(Respite II Dillion Falls, acyrlic,16×40 by Sue Lion-Manley)
Sue Lyon-Manley is well known in our community as a plein air artist and art workshop coordinator through her business, Cascade Fine Art Workshops. When the pandemic arrived in 2019 and shut down everything, including her workshops, she also experienced some life-changing events, such as family issues and illness, that could have brought her creativity to a standstill. Happily, she was able to focus on the positive outcomes of these events and find ways to refresh her approach to art. Red Chair Gallery is showcasing her new paintings this month.
“I believe that we have to keep trying and confront our problems with constructive solutions or our lives will continue to be miserable,” Lyon-Manley says. The pandemic did have some positive effects, she notes, such as families and friends learning to support one another. “We had to figure out what was really important to us and how to protect it.”
During this trying time, Lyon-Manley was able to focus on the positive side of having painting in her life. “And lucky me, I can simply walk out my door and be inspired by the Central Oregon landscape.” As a member of Plein Air Painters of Oregon, she joined other members to paint together on location throughout the pandemic with everyone staying at least six feet apart. She also participated in some Zoom workshops, “to keep the creative juices flowing.”

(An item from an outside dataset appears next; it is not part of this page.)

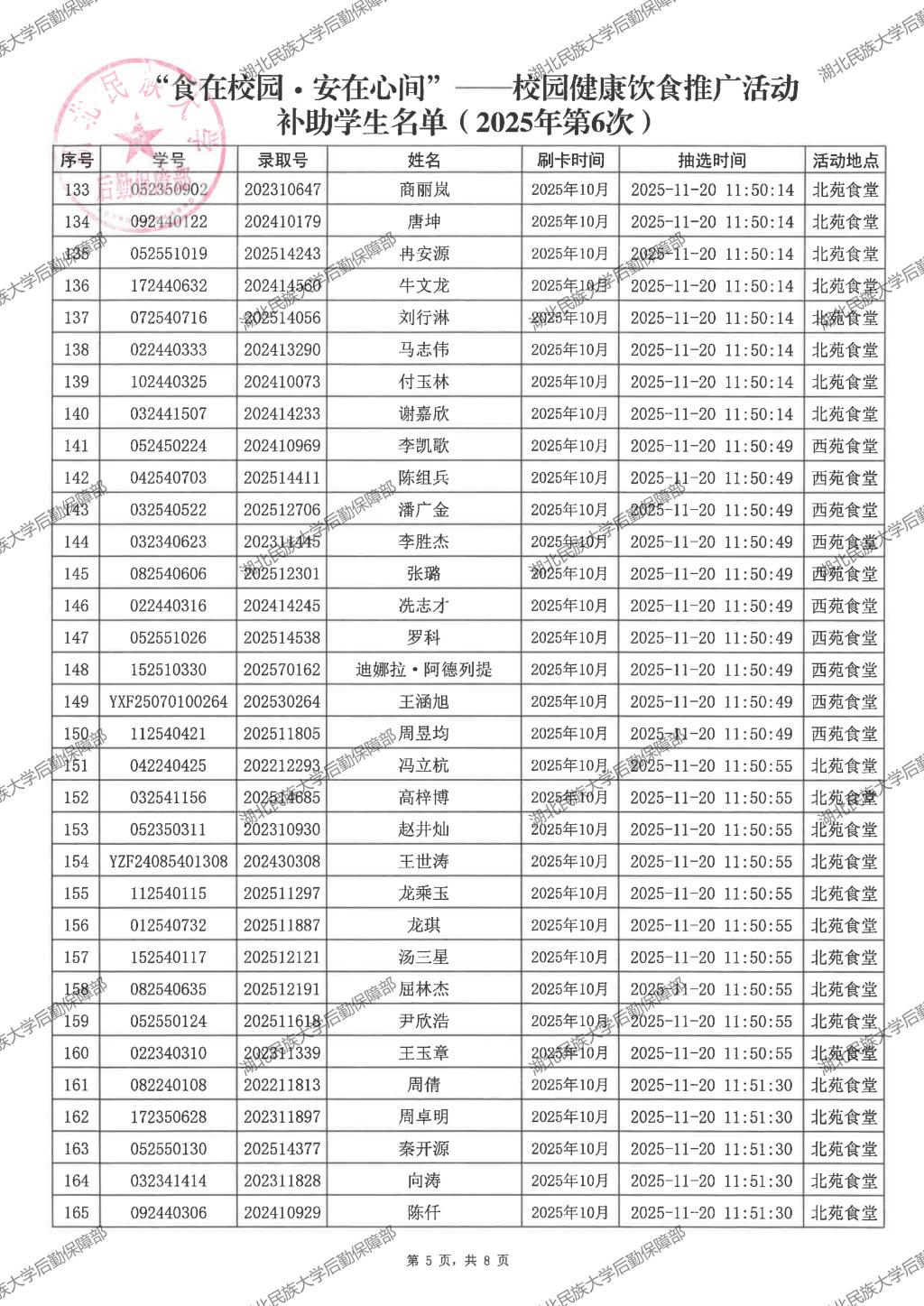 “食在校园·安在心间”——校园健康饮食推广活动(2025年第5次)补助学生名单公示

Plein air paintings are traditionally on the small side, due to the difficulty of using large supports (canvases, boards), and carrying other equipment into the field. Now Lyon-Manley is bringing her outdoor work back to the studio and enlarging it while capturing the emotion that drove her to paint the scene in the field. Pastel was her sole medium for years, but today she is experimenting with other mediums including oil and acrylic. Along with working bigger, she is “pushing my plein air work to a more impressionistic or abstract tone,” she explains.

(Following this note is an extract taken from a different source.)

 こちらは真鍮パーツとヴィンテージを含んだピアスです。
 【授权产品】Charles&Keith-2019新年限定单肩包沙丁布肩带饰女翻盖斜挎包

For many years, Lyon-Manley has invited noted artists to Bend to teach workshops through her business, Cascade Fine Art Workshops. After a hiatus during the pandemic, she cautiously resumed hosting in-person workshops this summer after the guidelines were relaxed in July. The atmosphere in the first workshop was charged with optimism and excitement, she says, with participants connecting with one another and immersing themselves in their painting, even when working six feet apart and wearing masks when necessary. Now with Oregon’s stricter rules, she is requiring participants to show proof of vaccination or of a recent COVID test in order to partake in person, like other local event organizers are doing. Others may be able to join via Zoom. Overwhelmingly, the artists are thanking her for protecting them, she says. “It’s heartwarming to see that the pandemic isn’t going to stop these creative people from getting back to their work!”